Эли увидел, как вокруг храма собираются местные жители, с каждой минутой их становилось все больше. Зачинщика не было, комментатора и разъяснителя. Никто этою живностью на двух ногах не руководил. А поскольку, как подозревал Эли, в массе своей они мало отличались от скота, то животным умом не могли понять, что происходило. Пророка взяли. Пророка с ними больше нет. С ним придется проститься. Многие, не задумываясь, направлялись к Эли, как к главному — видимо, из-за его парадной формы.
Какая-то жрица из храма без особой охоты повела его к огромной дверище из золота и серебра и открыла ее перед ним. Он увидел Кайу, которая что-то кричала пленнику, находившемуся в руках двух лудхов, в дальнем конце огромного зала.
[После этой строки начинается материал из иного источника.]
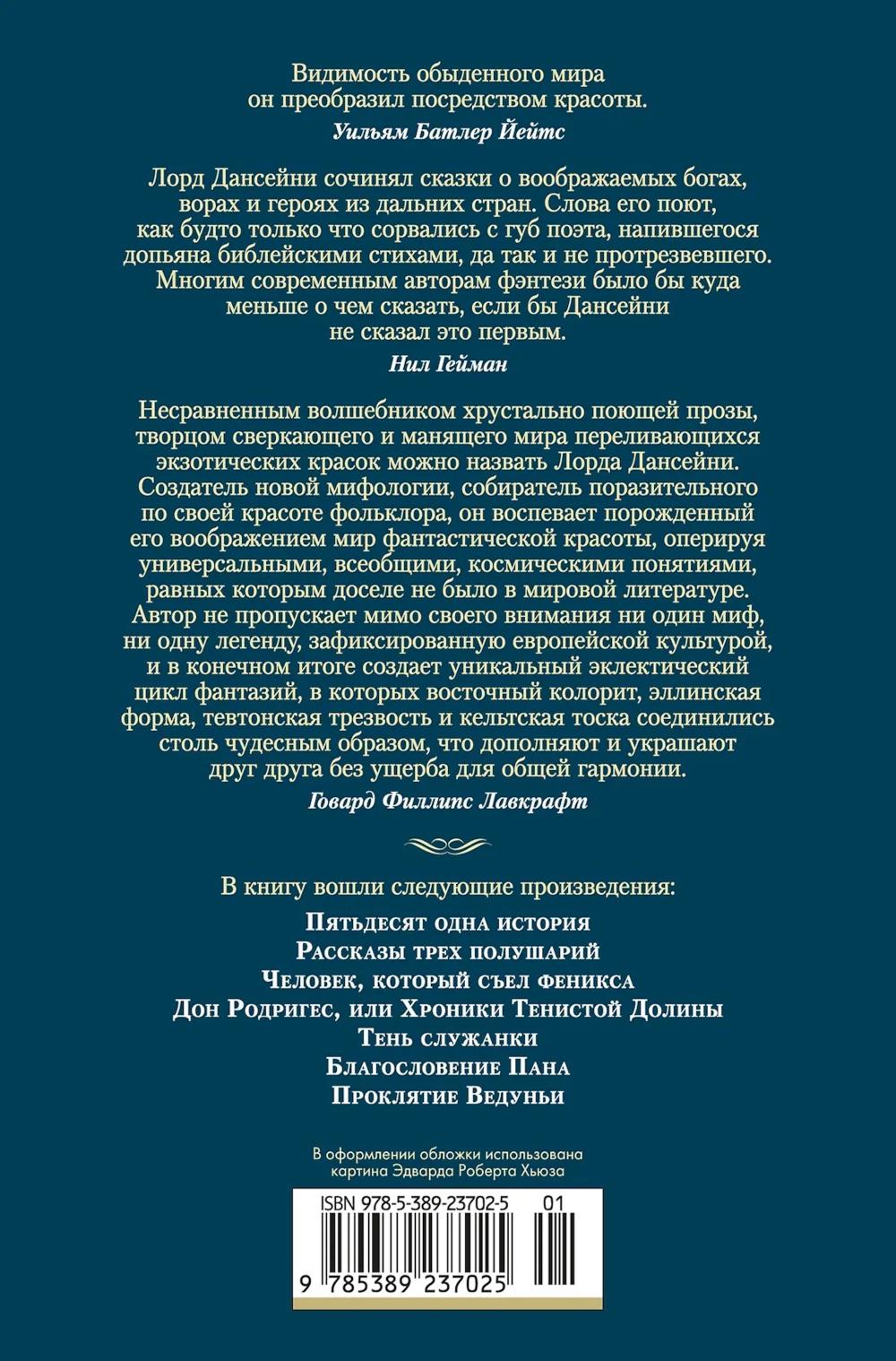 Эдвард Джон Мортон Дракс Планкетт, 18-й барон Дансейни, публиковавшийся как лорд Дансейни, - знаменитый автор множества романов, пьес и литературных сказок, стоявший у истоков самого жанра фэнтези. Едва ли не первым в европейской литературе он создал целый «вторичный мир» - со своей космологией, мифологией, историей и географией. Его мифология повлияла на Лавкрафта, Толкина и Борхеса, а парадоксальный юмор, постоянная игра с читательскими ожиданиями - на Нила Геймана и на всю современную ироническую фэнтези. В данной книге вашему вниманию предлагаются три сборника мастера - «Пятьдесят одна история», «Рассказы трех полушарий», «Человек, который съел феникса», - а также четыре романа: дилогия «Хроники Тенистой Долины» («Дон Родригес, или Хроники Тенистой Долины», «Тень служанки»), «Благословение Пана», «Проклятие Ведуньи». Здесь ирландский юноша, съевший бессмертного феникса, начинает видеть волшебную изнанку мира, тихая деревня в английской глубинке поддается чарам древнего бога Пана, а потомственная ведьма насылает проклятие на торфоперерабатывающий синдикат... Часть произведений публикуется на русском впервые или в новых переводах, остальные - в новой редакции. Издание сопровождается иллюстрациями знаменитого художника-сказочника Сидни Сайма, сделанными для первых публикаций книг Дансейни.| Издательство | Азбука |

Почему храм было разрешено охранять стражникам Лудха, еще предстояло выяснить позже, после того как он насладится поспешными оправданьями жрицы.
И правда, увидав приближающегося Джадсона, старая ведьма кивнула ему и лживо заметила:
— Я не сумела послать колесницы или сообщение из-за этой враждебной толпы. Потому пошла сюда, надеясь, ты услышишь крики. А кричат здорово. Мои действия таковы. Я осудила его как самозванца. Своими намеками на свое происхождение он порочит образ народа Земли. Да, у него рыжеватые волосы и голубые глаза. Помню, был когда-то и румянец на скулах. Что дальше? Но наука ушла далеко. Может, здешнюю кожу научились править, не знаю. Или взор перекрашивать. Короче говоря, все это бредни. Я его арестовала и отправила в храм как шпиона. Дело в том, Эли, что его одеянье действительно некогда принадлежал храму. В старом договоре, заключенном когда-то с Землей, я нашла положение о правосудии над шпионами и использовала его.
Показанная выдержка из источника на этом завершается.